▼

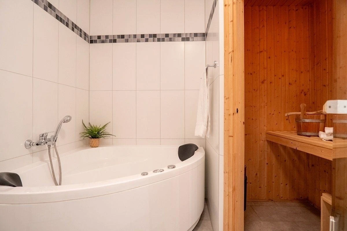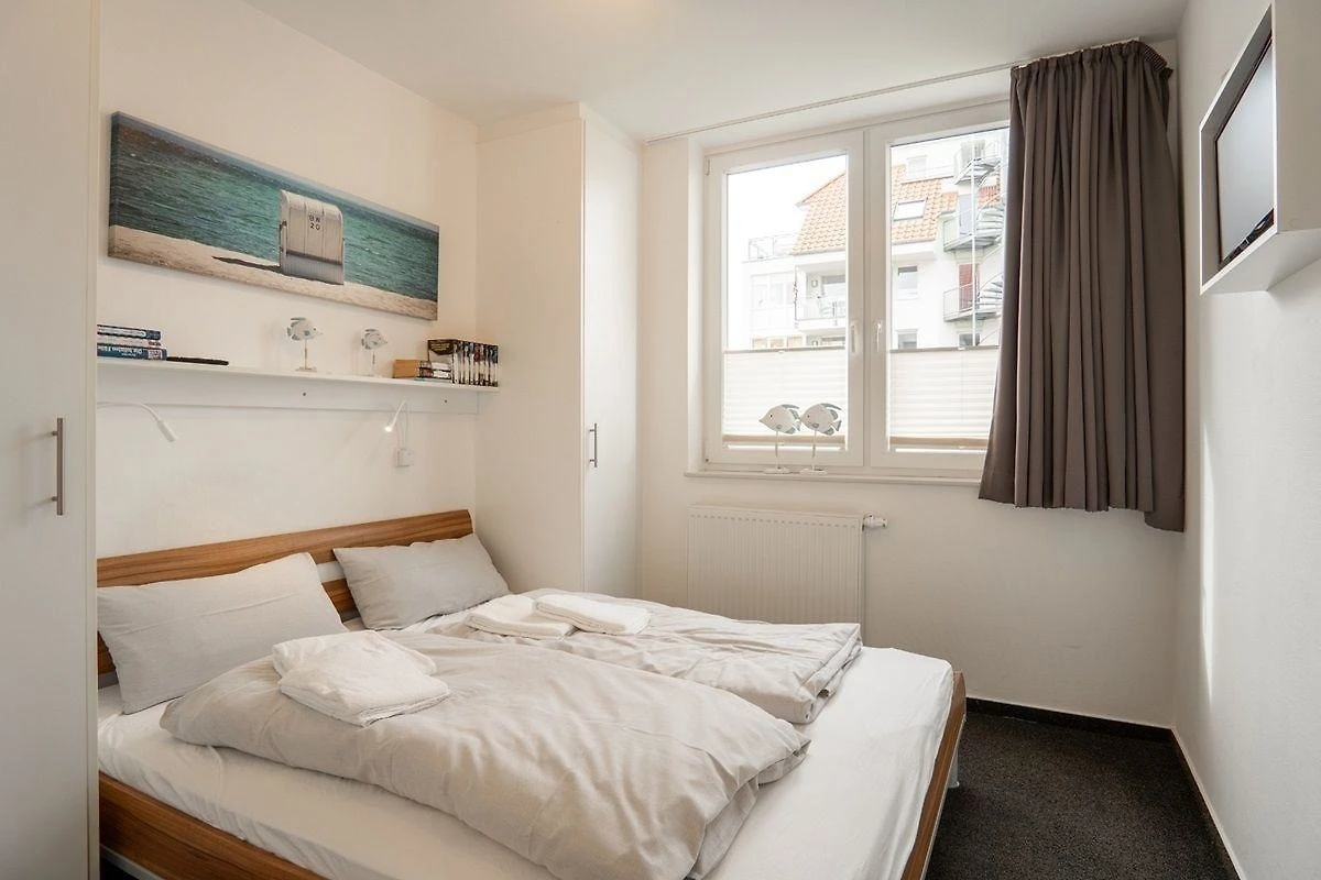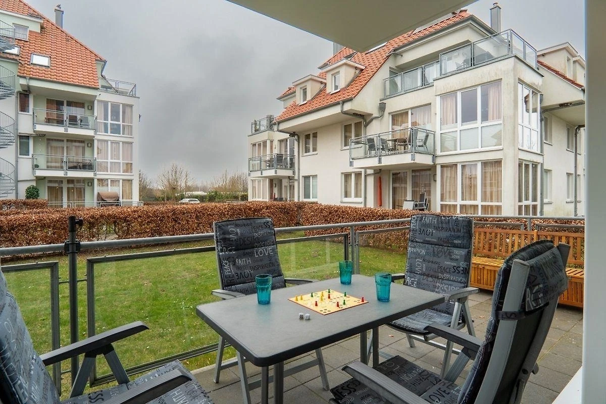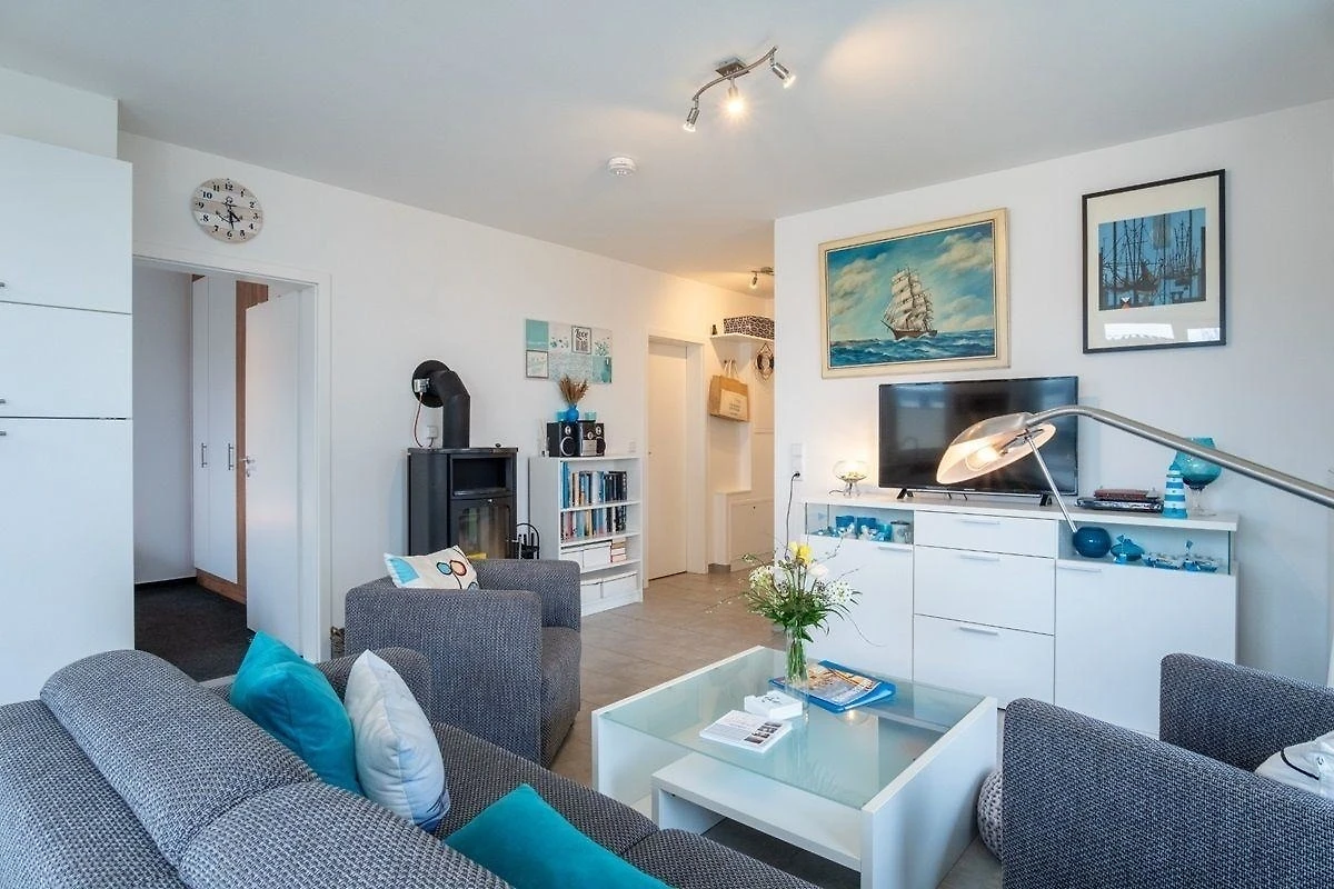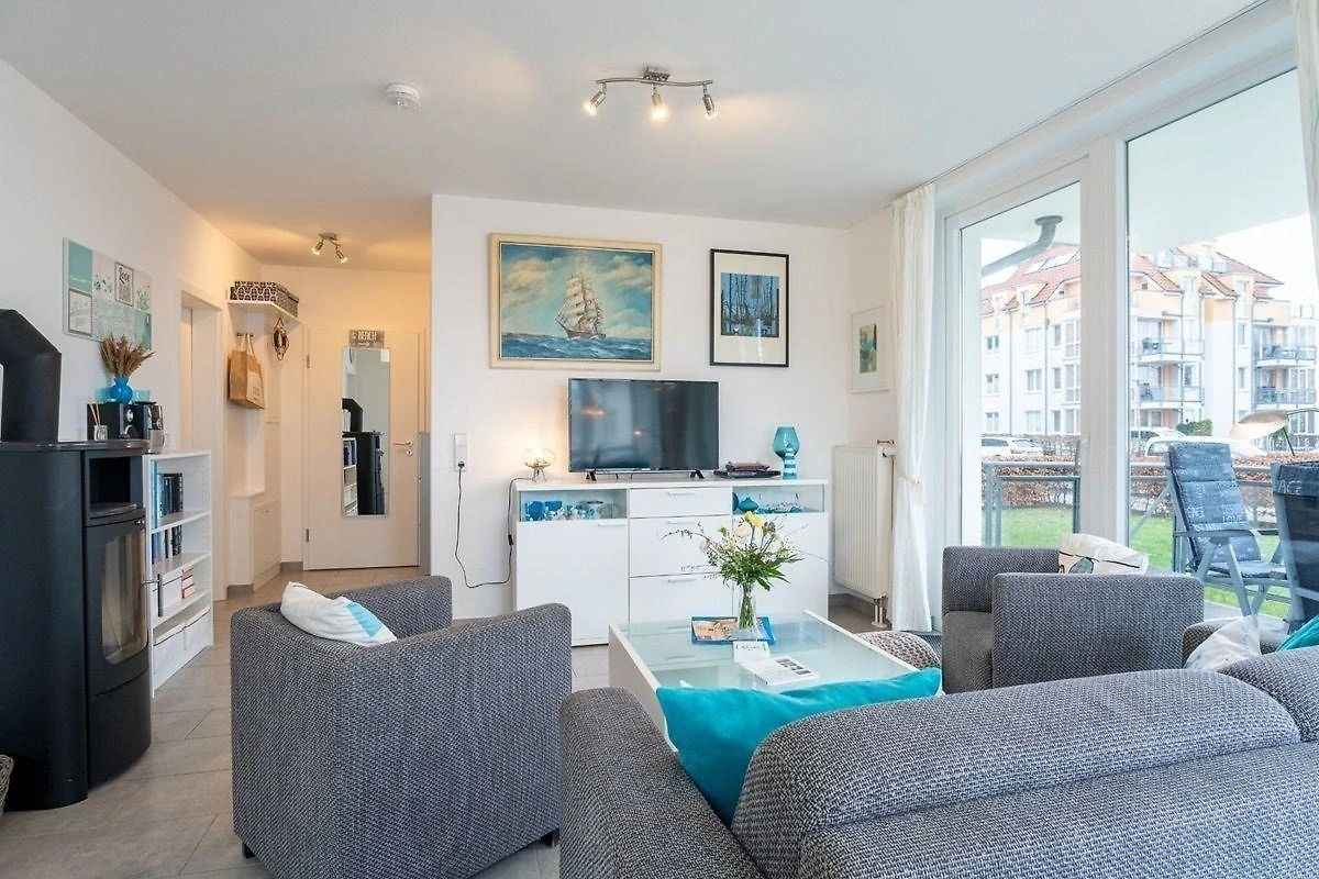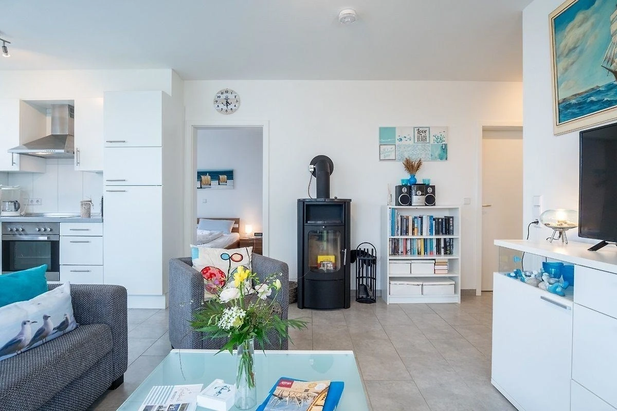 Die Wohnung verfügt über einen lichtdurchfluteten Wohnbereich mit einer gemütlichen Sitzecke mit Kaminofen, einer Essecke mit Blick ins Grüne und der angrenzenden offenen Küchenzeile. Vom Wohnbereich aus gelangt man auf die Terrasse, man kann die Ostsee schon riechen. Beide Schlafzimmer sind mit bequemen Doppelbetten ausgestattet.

▲
▼

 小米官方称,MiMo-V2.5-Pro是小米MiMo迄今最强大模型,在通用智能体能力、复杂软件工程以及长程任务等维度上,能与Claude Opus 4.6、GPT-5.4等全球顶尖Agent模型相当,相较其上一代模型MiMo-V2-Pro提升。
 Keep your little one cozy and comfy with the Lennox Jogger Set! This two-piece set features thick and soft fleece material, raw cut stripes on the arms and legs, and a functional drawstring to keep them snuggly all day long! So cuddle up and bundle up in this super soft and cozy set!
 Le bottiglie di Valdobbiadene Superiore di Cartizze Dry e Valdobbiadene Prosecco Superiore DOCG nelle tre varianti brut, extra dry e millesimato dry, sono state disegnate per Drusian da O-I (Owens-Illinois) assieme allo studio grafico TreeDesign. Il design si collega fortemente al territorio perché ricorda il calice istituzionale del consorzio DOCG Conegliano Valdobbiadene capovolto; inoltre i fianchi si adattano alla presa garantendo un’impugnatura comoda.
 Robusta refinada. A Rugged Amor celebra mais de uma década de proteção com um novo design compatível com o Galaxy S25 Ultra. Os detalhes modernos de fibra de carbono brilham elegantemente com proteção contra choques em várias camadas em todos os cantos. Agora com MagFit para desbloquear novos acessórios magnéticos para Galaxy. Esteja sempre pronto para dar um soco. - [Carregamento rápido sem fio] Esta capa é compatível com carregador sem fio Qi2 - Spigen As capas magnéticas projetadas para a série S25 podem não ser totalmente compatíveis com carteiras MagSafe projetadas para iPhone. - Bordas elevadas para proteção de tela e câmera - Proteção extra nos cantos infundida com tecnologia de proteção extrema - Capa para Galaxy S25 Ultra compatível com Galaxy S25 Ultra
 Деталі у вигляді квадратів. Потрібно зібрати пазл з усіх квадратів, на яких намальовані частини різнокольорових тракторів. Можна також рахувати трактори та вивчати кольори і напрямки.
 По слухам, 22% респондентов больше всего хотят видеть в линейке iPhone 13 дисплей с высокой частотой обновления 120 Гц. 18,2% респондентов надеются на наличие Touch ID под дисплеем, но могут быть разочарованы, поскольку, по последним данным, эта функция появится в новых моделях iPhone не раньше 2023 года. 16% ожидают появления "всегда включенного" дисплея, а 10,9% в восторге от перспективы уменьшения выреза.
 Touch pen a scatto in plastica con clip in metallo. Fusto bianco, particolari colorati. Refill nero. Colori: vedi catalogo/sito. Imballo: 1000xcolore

▲
▼

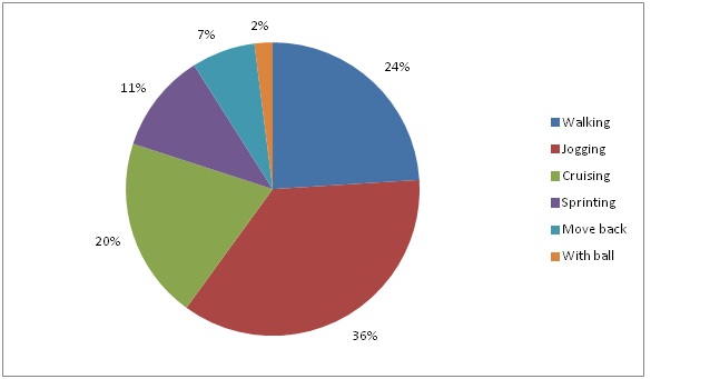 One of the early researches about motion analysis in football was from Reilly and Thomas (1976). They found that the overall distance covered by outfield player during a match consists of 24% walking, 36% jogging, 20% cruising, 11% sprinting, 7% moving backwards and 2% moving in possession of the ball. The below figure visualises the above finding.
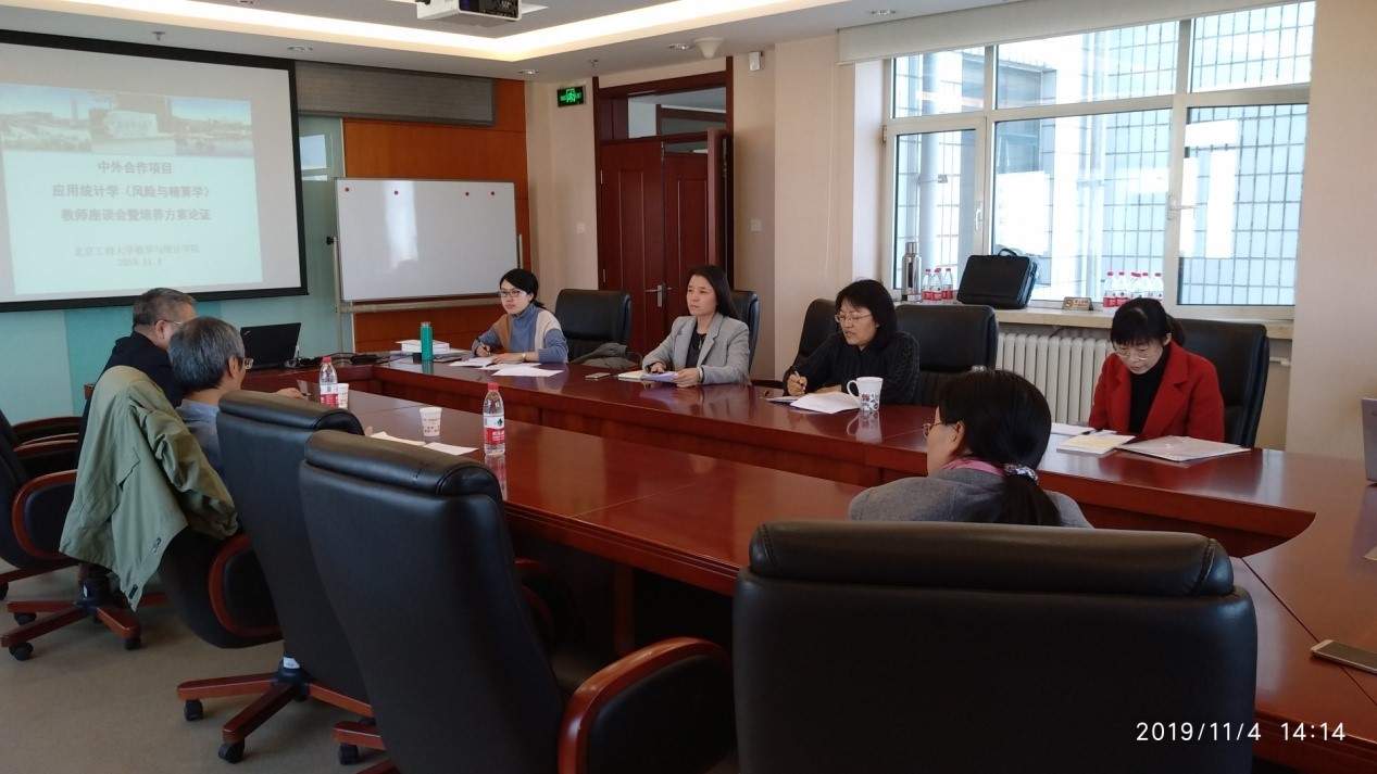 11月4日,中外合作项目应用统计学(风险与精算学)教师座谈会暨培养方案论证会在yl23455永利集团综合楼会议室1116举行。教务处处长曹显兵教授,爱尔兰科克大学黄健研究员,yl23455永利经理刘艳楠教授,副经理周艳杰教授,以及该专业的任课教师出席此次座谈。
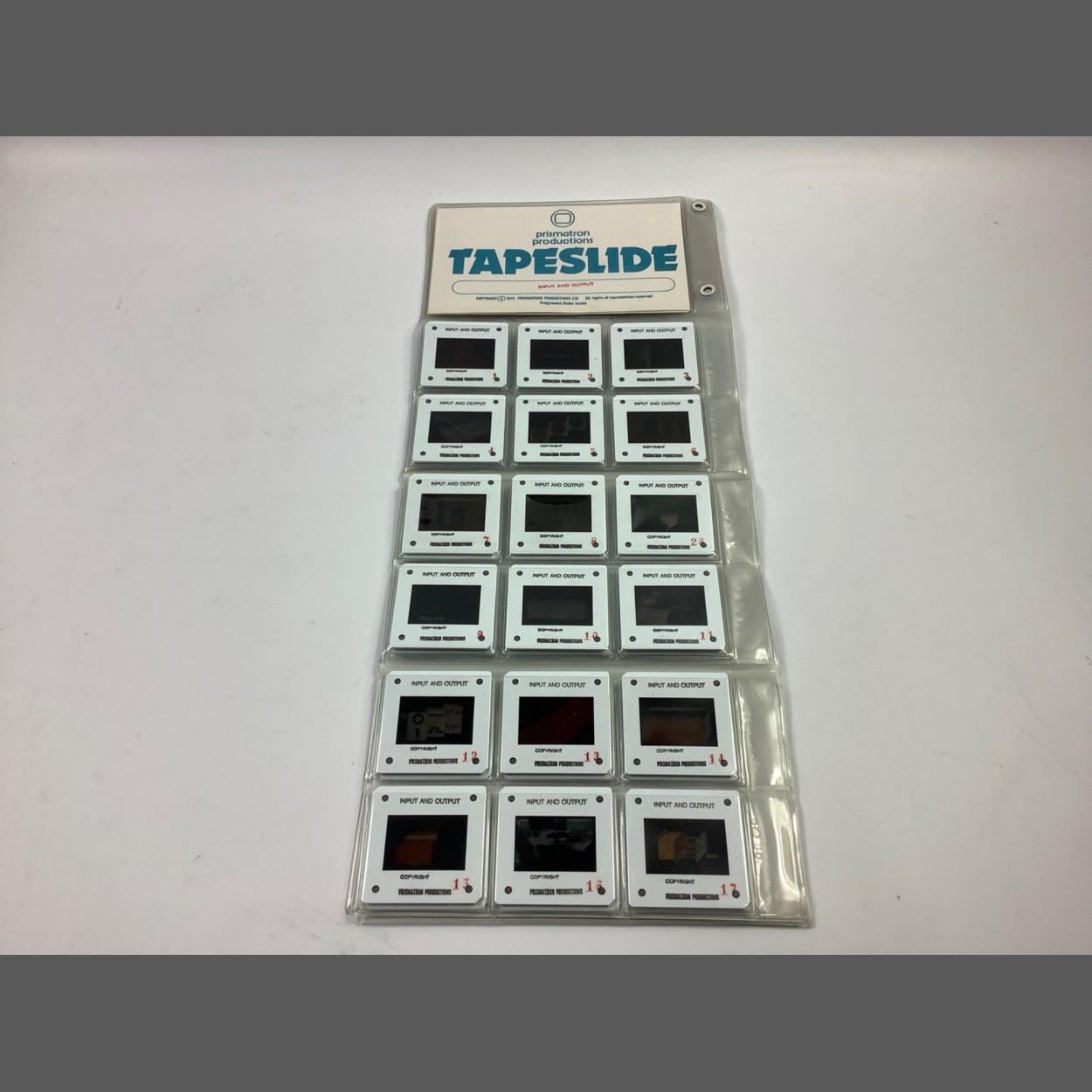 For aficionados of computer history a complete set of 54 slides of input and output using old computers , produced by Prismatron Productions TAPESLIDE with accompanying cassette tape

▲

Assignment.
If a line of the data contains the word "design", it should be counted; state the total and nothing more.

Output for this exercise.
2